The aims of this review were to (1) identify studies that have estimated the MIC and MDC, (2) identify the calculated MIC and MDC values and disease phases in previous studies, and (3) assess the methodological qualities of the MIC and MDC studies of the FMA-LE motor scale.

Methods

This review was registered with the University Hospital Medical Information Network (UMIN) Clinical Trials Registry (UMIN000048612) as a pre-initiation condition. This review followed the Preferred Reporting Items for Systematic reviews and Meta-Analyses extension for Scoping Reviews (PRISMA-ScR) recommendations,49) including Supplementary Material 1.

Eligibility criteria

The inclusion criteria were as follows: (1) investigated the MIC and MDC of the FMA-LE motor scale for patients with stroke; (2) had implementation and scoring of the FMA-LE assessment by medical staff (e.g., physical therapists or occupational therapists) experienced in stroke rehabilitation; and (3) only English peer-reviewed journal articles were included to ensure methodological rigor and reduce the risk of bias. The exclusion criteria were as follows: (1) no abstract; (2) languages other than English; (3) review articles; (4) inclusion of patients with any other intracranial disease such as traumatic brain injury or brain tumour; (5) an unclear distinction from the FMA-UE motor scale; and (6) conference abstracts, doctoral dissertations, master's theses, and government reports were excluded due to the potential for limited methodological transparency and peer review.
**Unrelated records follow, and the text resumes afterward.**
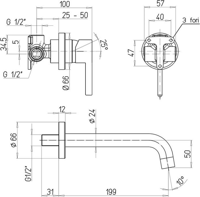 Описание смеситель для раковины настенный Paini 74PZ208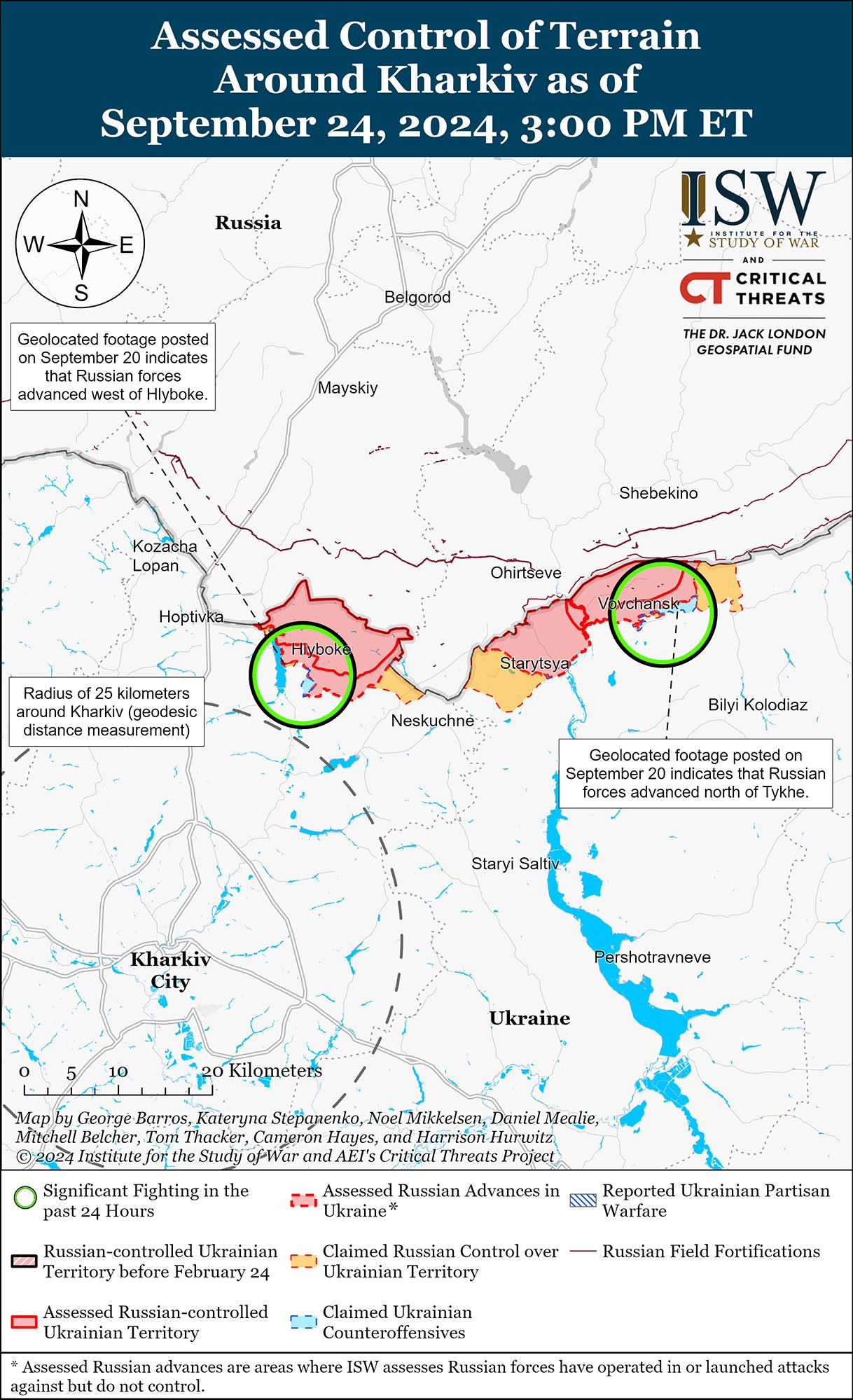 В последнее время украинские войска продвинулись в Глушковском районе к западу от Украинского выступа в Курской области на фоне продолжающихся наступательных действий в этом районе 24 сентября. На геолоцированных кадрах, опубликованных 23 сентября, видно, что украинские войска продвинулись в ходе механизированной атаки к юго-востоку от Веселого (к юго-западу от Глушково), а российские военные блогеры также утверждали, что украинские войска провели механизированную атаку и продвинулись в этом районе. [38] На дополнительных геолоцированных кадрах, опубликованных 20 сентября, видно, что украинские войска также недавно продвинулись в полях к востоку от Веселого. [39] Российские источники, в том числе Минобороны РФ, утверждали, что 23 и 24 сентября российские войска отразили украинские атаки в направлении Нового Пути и Медвежьего (оба к югу от Глушково). [40]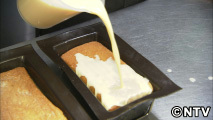 カステラの生地に、固める前の液体のプリンを浸み込ませたあとに焼き上げたもの。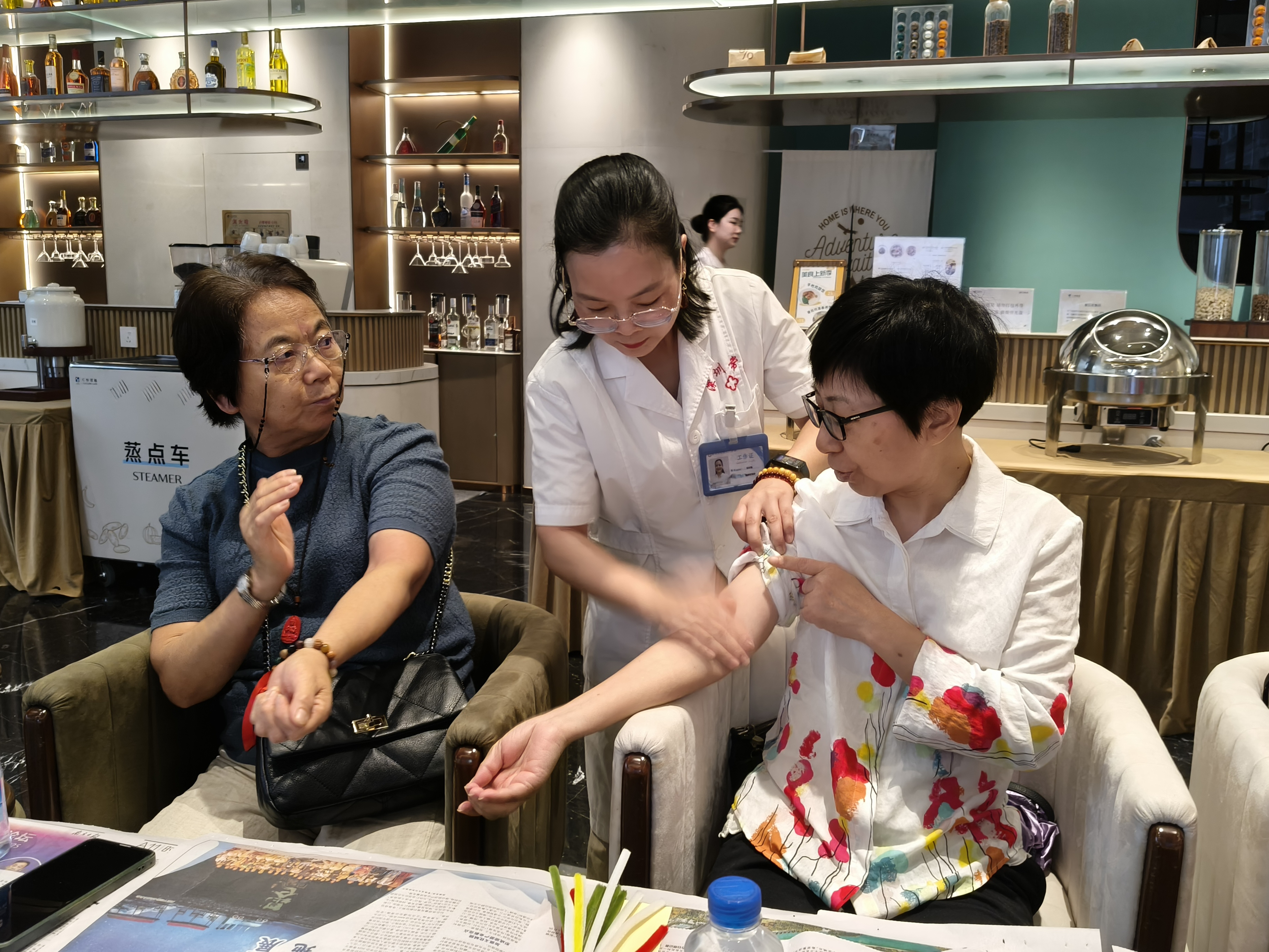 活动伊始,常安润生门诊邱医生以端午养生习俗为切入点,详细讲解了饮食养生知识,并深入介绍心包经的作用与原理。随后,邱医生现场示范拍打心包经的正确方法,指导长者们进行实践操作,帮助他们掌握这一保健技能。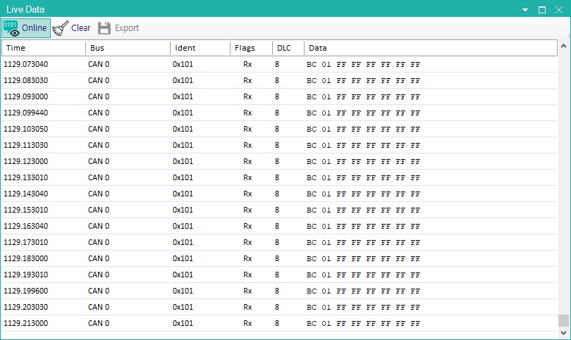 5. 실습 구성의 1번 ReXgen2 장비를 USB로 연결하고 CAN0을 Logging으로 설정해서 Upload를 진행후 Live로 2번 ReXgen2의 0번 포트로 신호가 아래와 같이 정상적으로 들어옴을 확인합니다.
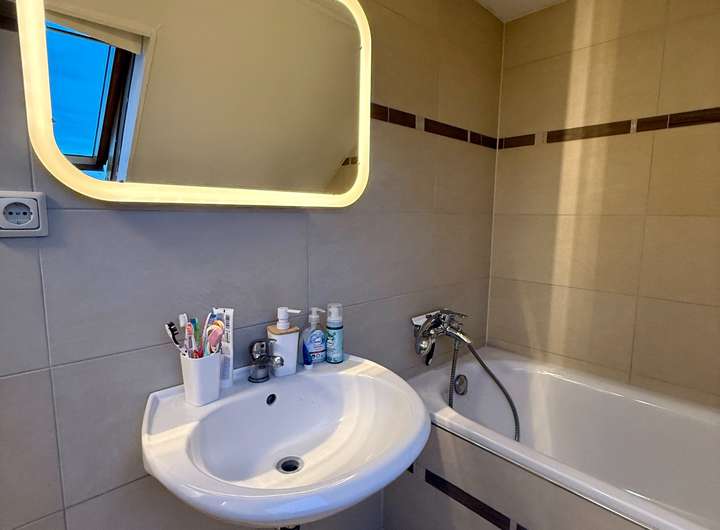 Hier liegt rechts ein großes, modern gestaltetes Tageslichtbad und eine kleine Abstellkammer.

Information sources and search strategy

The databases searched were PubMed, Cumulative Index to Nursing & Allied Health Literature (CINAHL), and Web of Science. Literature searches were conducted from 1975, the year FMA was developed and published by Fugl-Meyer, to January 18, 2024. The search strategy was customized for each database and included three key concepts: the FMA, MIC, and MDC. A concrete search strategy for the three databases (i.e., PubMed, CINAHL, Web of Science) is shown in Supplementary Material 2. Additional search was conducted by hand searching. Reference lists of MCID previous study were also identified and hand-searched. The first author conducted a search on the Physiotherapy Evidence Database (PEDro) using the keyword “Fugl-Meyer Assessment.”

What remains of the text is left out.